Repository files navigation

DOI

Hydra Scraper

Comprehensive scraper for Hydra-paginated APIs, Beacon files, and RDF file dumps

This scraper provides a command-line toolset to pull data from various sources, such as Hydra paginated APIs, Beacon files, or local file dumps. The tool differentiates between resource lists and individual resource files in RDF-compatible formats such as JSON-LD or Turtle, but it can also handle, for example, LIDO files. Command-line calls can be combined and adapted to build fully-fledged scraping mechanisms, including the ability output a set of triples. The script was originally developed as an API testing tool for of the Corpus Vitrearum Germany (CVMA) at the Academy of Sciences and Literature Mainz. It was later expanded to add functionality around the Culture Graph Interchange Format (CGIF).

Licence

Written and maintained by Jonatan Jalle Steller.

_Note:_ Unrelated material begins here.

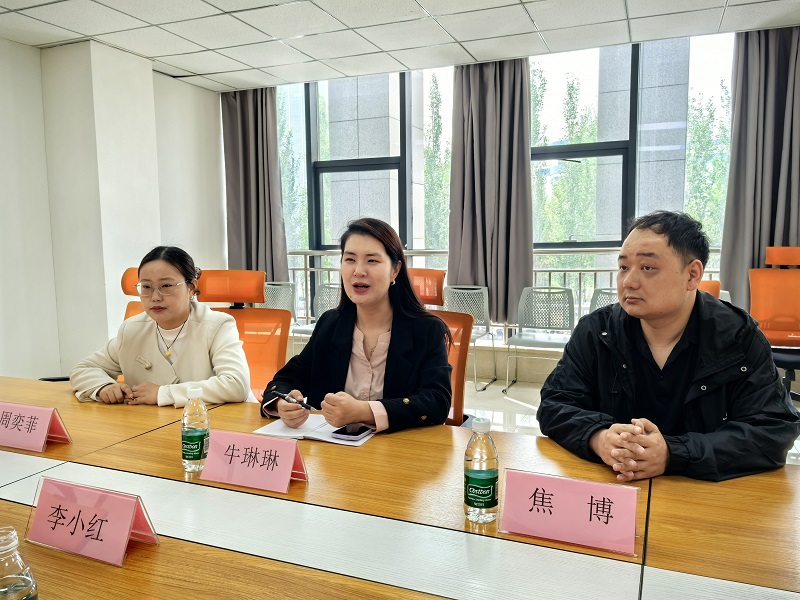 牛琳琳院长首先介绍了艺术学院的整体专业布局、学科建设特色、人才培养模式及近年毕业生就业的整体情况。牛琳琳院长表示,希望以此次走访调研为契机,搭建常态化的校企合作交流平台,实现校企资源共享、优势互补,共同培养符合行业需求的高素质动画专业人才。焦博主任结合动画专业的课程体系、师资力量、学生实践项目成果及毕业生就业方向进行了详细介绍。他表示,动画专业始终以行业需求为核心,锚定市场需求与产业发展趋势,在课程设置上融入了三维建模、动画特效、IP 设计等前沿内容,与企业的业务发展方向高度契合,他期待在学院的统筹指导下,与企业进一步细化合作细节,共同完善实训课程体系,推动优质教学资源与行业岗位需求精准对接,助力毕业生高质量就业。

This code is covered by the MIT licence.

Workflows

Flowchart overview of possible workflows

Installation

To use this script, make sure your system has a working python as well as the packages validators, rdflib, and lxml. Then clone this repository (e.g. git clone https://github.com/digicademy/hydra-scraper.git or the SSH equivalent). Open a terminal in the resulting folder to run the script as described below.

Usage

This scraper is a command-line tool. Use python go.py to run the script in interactive mode. Alternatively, use the configuration options listed below to run the script without interaction.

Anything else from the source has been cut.